This custom is forgotten, but still practiced in the area around the borders of Mazuria and Masovia. In Germany, people hold Easter egg races. For Roman Catholics, Easter Monday is a Holy Day of Obligation in Germany. In the United States, Easter Monday is not a federal holiday, is not observed. So, the day remains informally observed in some areas such as the state of North Dakota, some cities in New York and Indiana. Easter Monday was a public holiday in North Carolina from 1935 to 1987. Texas and Maryland schools have two holidays on Good Friday and Easter Monday. In some states and districts, public schools and universities are closed on Easter Monday part of spring break. Traditionally Polish areas of the country such as Chicago, more Cleveland, observe Easter Monday as Dyngus Day. Dyngus Day celebrations are popular in Buffalo, New York. Another important custom is the White House Easter egg roll; the world's largest organized Dyngus Day celebration occurs in New York. In Buffalo's eastern suburbs and the city's Historic Polonia District, Dyngus Day is celebrated with a high level of enthusiasm.

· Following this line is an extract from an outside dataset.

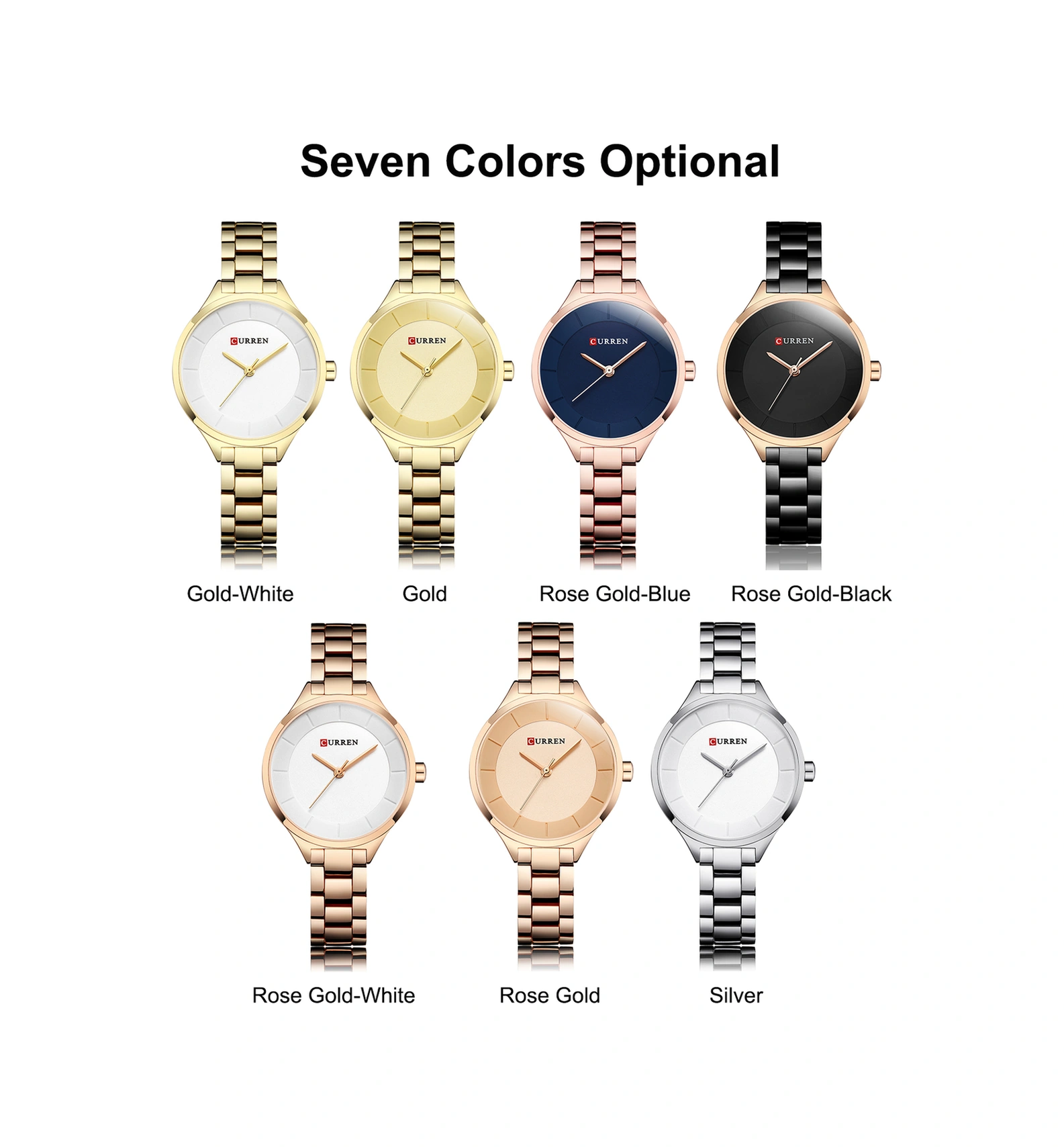 Xindoker Curren Kadın Kol Saati 9015 - Klasik Kuarc Hareketli, Çelik Kayışlı, Günlük Su Geçirmez, Zirve Desenli Moda Saat Çok Renkli
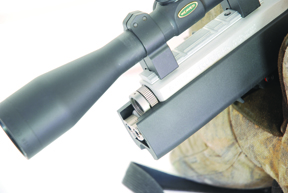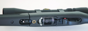 The new TakeDown comes complete and looks essentially identical to the 10/22 stainless synthetic gun. The only give aways are the small gap between the forend and rest of the stock and the slotted barrel collar at the front of the action. Turning the rifle over you can clearly see the locking catch that allows you to disengage the butt/receiver section from the forend/barrel assembly. As we shall see a quick pull and twist movement is all that’s needed to do the job. Ruger also includes a neat, little backpack bag for the components to travel in.

Although Dyngus Day was celebrated in traditional Polish neighborhoods of Buffalo dating back to the 1870s, modern Dyngus Day in Buffalo had its start with the Chopin Singing Society. Judge Ann T. Mikoll and her late husband Theodore V. Mikoll held the first party at the Society's clubrooms in the Buffalo Central Terminal; the Society left the East Side in the 1980s and moved to new clubrooms in nearby Cheektowaga, where the festival attracted a new generation of revelers. In recent years, the focus of Buffalo's Dyngus Day celebration has returned to the Historic Polonia District in the form of large parties at the Buffalo Central Terminal, St. Stanislaus - Bishop & Martyr Church, the Adam Mickiewicz Library and Dramatic Circle, at many family-owned Polish taverns; the World's First Dingus Day Parade, inaugurated in 2006, makes its way through the Polonia District from the Broadway Market to Buffalo Central Terminal. In 2008, the parade attracted more than 25,000 people. In 2012, it was reported
Eastertide or Paschaltide is a festal season in the liturgical year of Christianity that focuses on celebrating the Resurrection of Jesus Christ. It begins on Easter Sunday, which initiates Easter Week in Western Christianity, Bright Week in Eastern Christianity. There are several Eastertide customs across the Christian world, including sunrise services, exclaiming the Paschal greeting, clipping the church, decorating Easter eggs, a symbol of the empty tomb; the Easter lily, a symbol of the resurrection, traditionally decorates the chancel area of churches throughout Eastertide. Other Eastertide customs include egg hunting, eating special Easter foods and watching Easter parades. Eastertide is the period of fifty days from Easter Sunday to Pentecost Sunday, it is celebrated as a single joyful feast, indeed as the "great Lord's Day". Each Sunday of the season is treated as a Sunday of Easter, after the Sunday of the Resurrection, they are named Second Sunday of Easter, Third Sunday of Easter, etc. up to the Seventh Sunday of Easter, while the whole fifty-day period concludes with Pentecost Sunday.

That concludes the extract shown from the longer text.